● ASSIGNED TASK
Nothing but the lines from the first line of the records through the line with "交易所最新数据显示,广日股份" should be output, exactly as written and free of pictures.

Records from a data source:

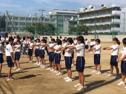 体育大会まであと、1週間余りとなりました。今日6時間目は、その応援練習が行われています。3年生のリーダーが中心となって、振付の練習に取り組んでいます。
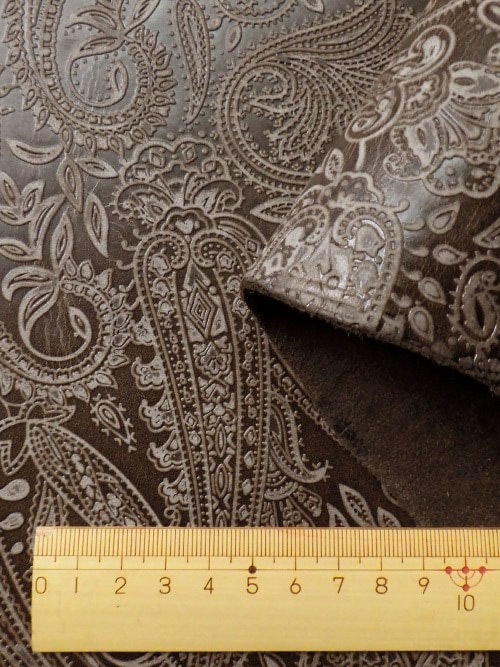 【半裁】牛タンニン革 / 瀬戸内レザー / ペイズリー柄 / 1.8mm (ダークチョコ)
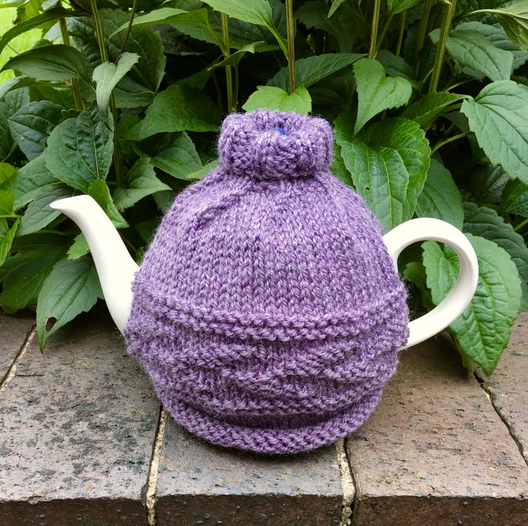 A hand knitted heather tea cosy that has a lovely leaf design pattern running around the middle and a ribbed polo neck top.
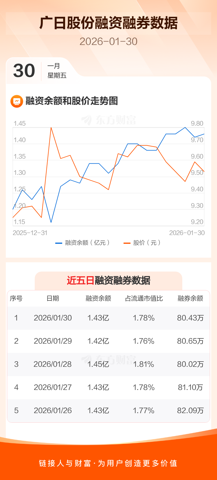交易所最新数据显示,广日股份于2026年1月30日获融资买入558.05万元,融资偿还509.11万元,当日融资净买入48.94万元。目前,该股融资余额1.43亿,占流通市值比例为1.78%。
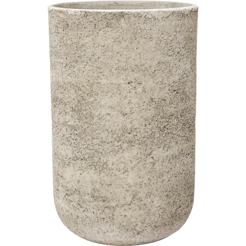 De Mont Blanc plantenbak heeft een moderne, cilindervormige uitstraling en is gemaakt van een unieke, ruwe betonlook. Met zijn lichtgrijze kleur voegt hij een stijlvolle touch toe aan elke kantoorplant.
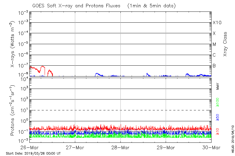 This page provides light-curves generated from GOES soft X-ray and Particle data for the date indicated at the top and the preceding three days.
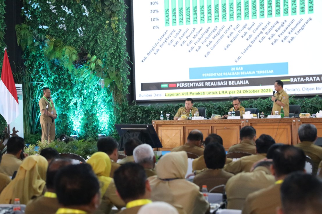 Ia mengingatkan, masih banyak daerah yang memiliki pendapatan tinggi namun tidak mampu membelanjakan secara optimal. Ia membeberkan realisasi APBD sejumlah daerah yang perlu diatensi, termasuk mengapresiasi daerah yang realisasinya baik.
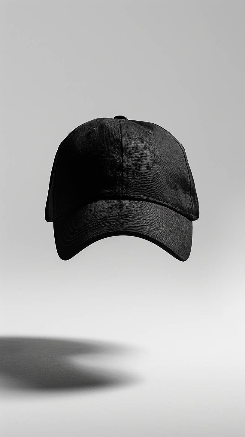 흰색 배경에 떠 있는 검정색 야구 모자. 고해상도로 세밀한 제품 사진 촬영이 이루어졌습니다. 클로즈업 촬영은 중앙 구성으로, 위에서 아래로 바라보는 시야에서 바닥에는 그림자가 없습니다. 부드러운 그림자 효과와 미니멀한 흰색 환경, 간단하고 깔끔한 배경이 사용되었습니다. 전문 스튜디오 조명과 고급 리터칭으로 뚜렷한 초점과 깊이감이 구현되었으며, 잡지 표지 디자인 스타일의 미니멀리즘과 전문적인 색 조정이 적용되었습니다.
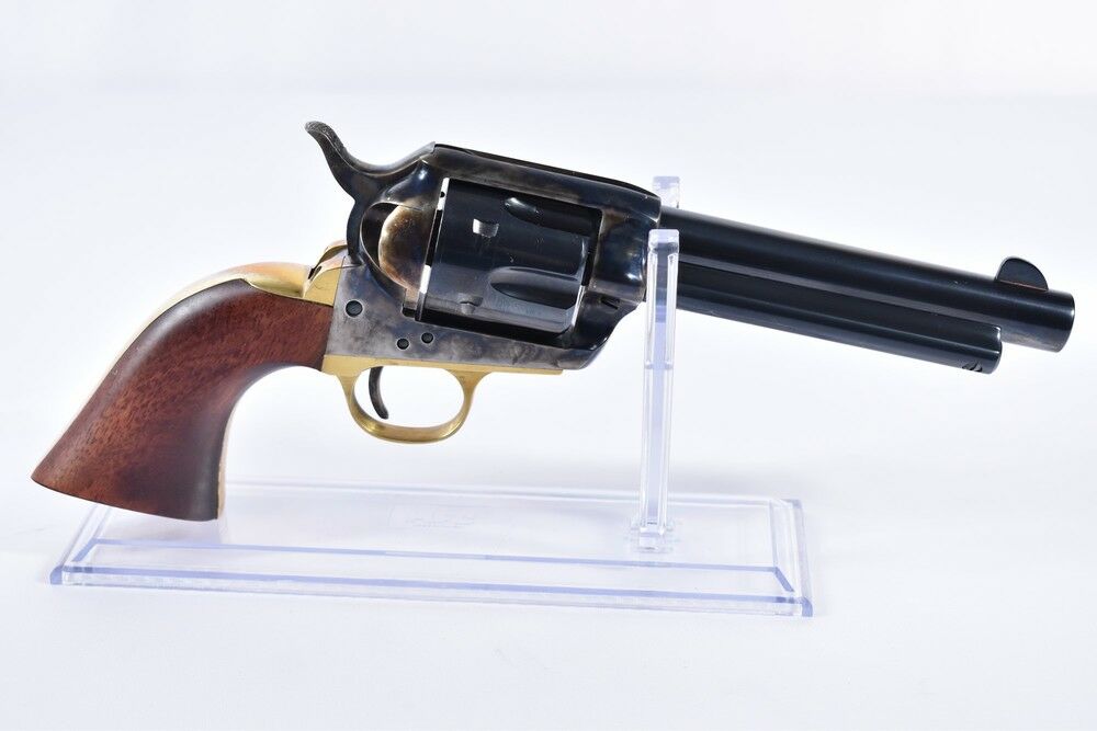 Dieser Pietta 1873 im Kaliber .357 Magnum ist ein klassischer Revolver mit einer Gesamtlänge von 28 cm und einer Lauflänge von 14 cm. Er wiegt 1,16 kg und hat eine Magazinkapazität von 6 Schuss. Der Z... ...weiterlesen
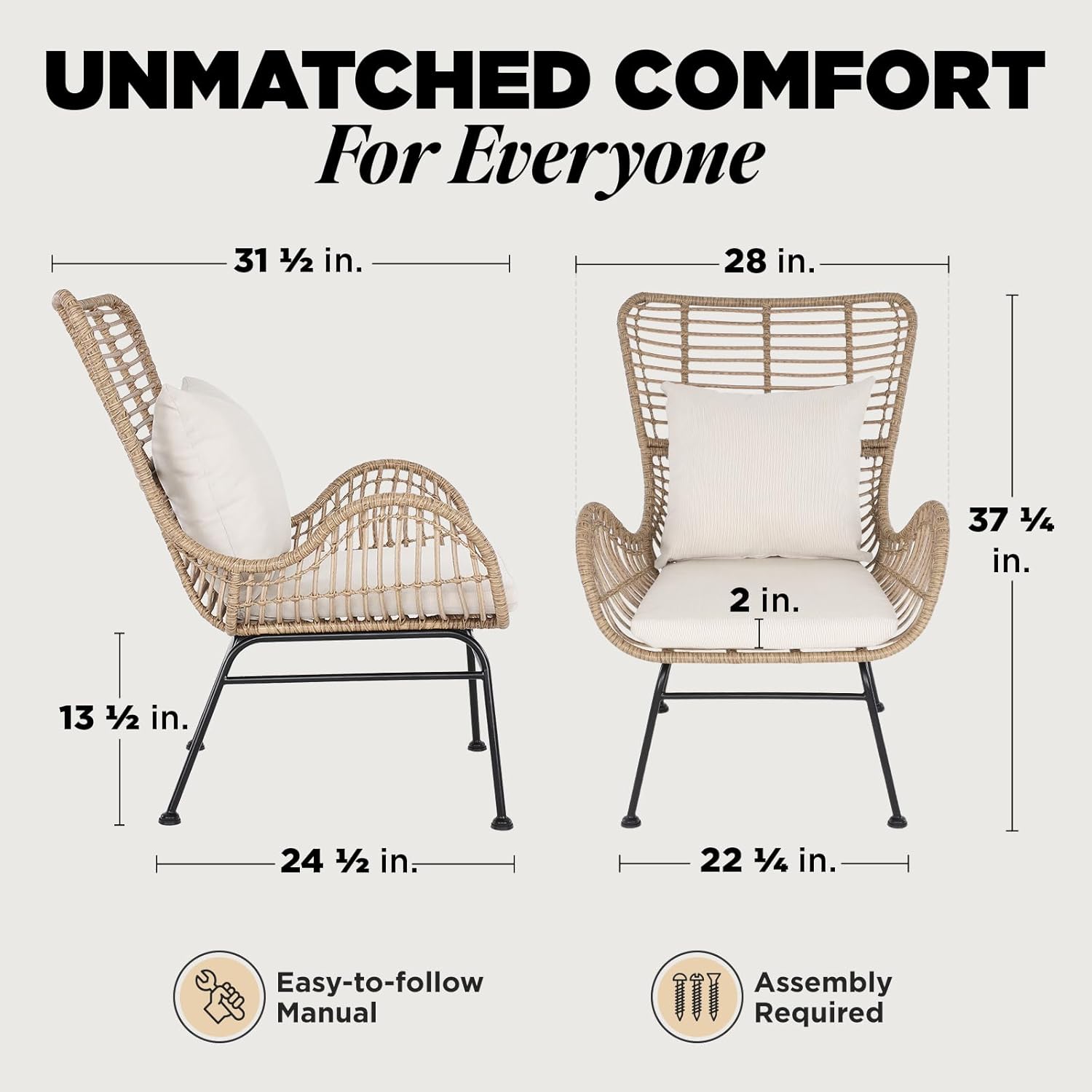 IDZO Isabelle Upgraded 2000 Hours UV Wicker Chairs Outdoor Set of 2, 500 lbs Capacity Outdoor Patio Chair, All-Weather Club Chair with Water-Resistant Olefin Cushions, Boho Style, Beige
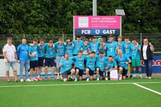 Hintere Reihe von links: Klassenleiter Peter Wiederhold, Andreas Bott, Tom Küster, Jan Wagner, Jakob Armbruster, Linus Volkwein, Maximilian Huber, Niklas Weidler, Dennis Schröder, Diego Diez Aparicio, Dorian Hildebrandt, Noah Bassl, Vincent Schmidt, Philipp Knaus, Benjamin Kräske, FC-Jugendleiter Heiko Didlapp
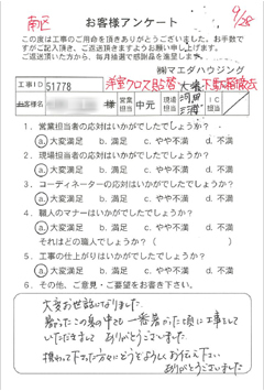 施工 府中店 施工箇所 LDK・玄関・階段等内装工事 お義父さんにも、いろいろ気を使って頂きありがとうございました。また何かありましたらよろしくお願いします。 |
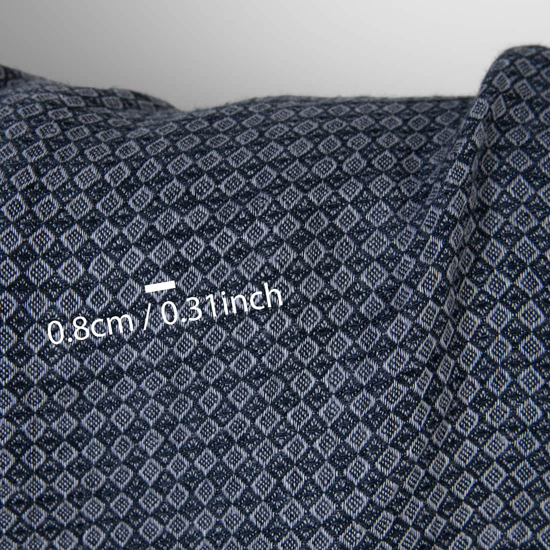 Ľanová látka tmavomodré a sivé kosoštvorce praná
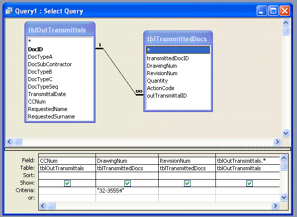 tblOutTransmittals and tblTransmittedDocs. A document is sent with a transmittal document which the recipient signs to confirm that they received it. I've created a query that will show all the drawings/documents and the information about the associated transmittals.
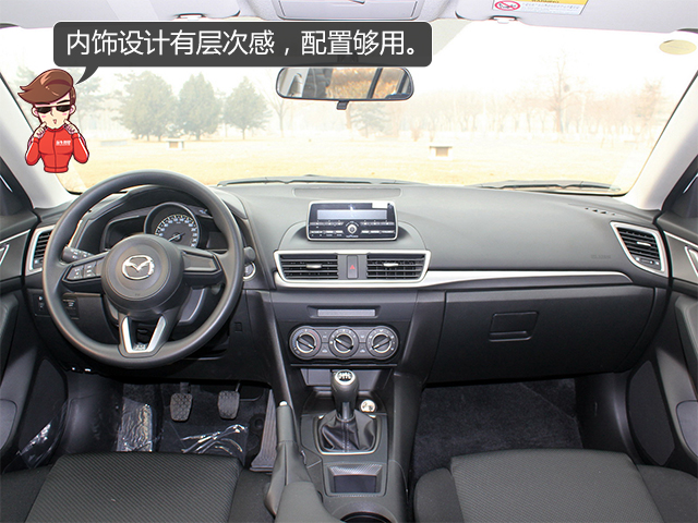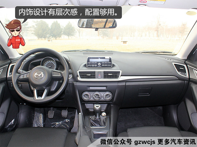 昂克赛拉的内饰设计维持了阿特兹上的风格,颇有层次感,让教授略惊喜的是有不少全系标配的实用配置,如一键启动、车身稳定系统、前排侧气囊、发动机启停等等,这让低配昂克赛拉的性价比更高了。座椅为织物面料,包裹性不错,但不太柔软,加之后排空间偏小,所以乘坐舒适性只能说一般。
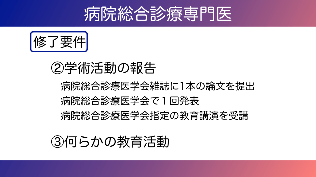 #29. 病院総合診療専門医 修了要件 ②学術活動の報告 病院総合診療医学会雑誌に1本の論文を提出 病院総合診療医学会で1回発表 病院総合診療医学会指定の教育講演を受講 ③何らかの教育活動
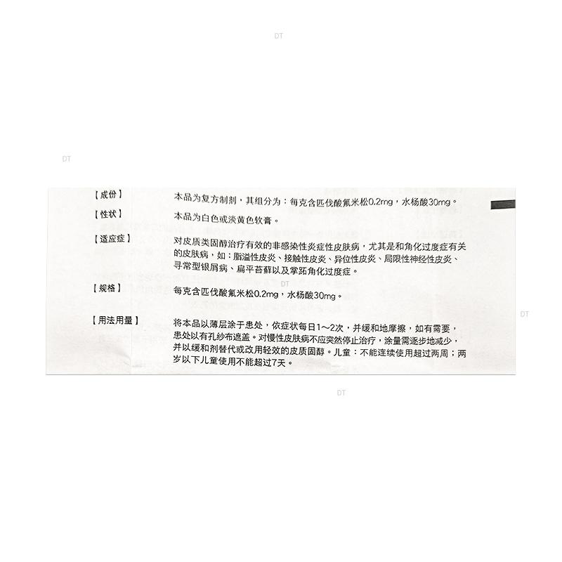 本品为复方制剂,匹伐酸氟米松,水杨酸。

● RESULT FOR THIS TASK
 体育大会まであと、1週間余りとなりました。今日6時間目は、その応援練習が行われています。3年生のリーダーが中心となって、振付の練習に取り組んでいます。
 【半裁】牛タンニン革 / 瀬戸内レザー / ペイズリー柄 / 1.8mm (ダークチョコ)
 A hand knitted heather tea cosy that has a lovely leaf design pattern running around the middle and a ribbed polo neck top.
交易所最新数据显示,广日股份于2026年1月30日获融资买入558.05万元,融资偿还509.11万元,当日融资净买入48.94万元。目前,该股融资余额1.43亿,占流通市值比例为1.78%。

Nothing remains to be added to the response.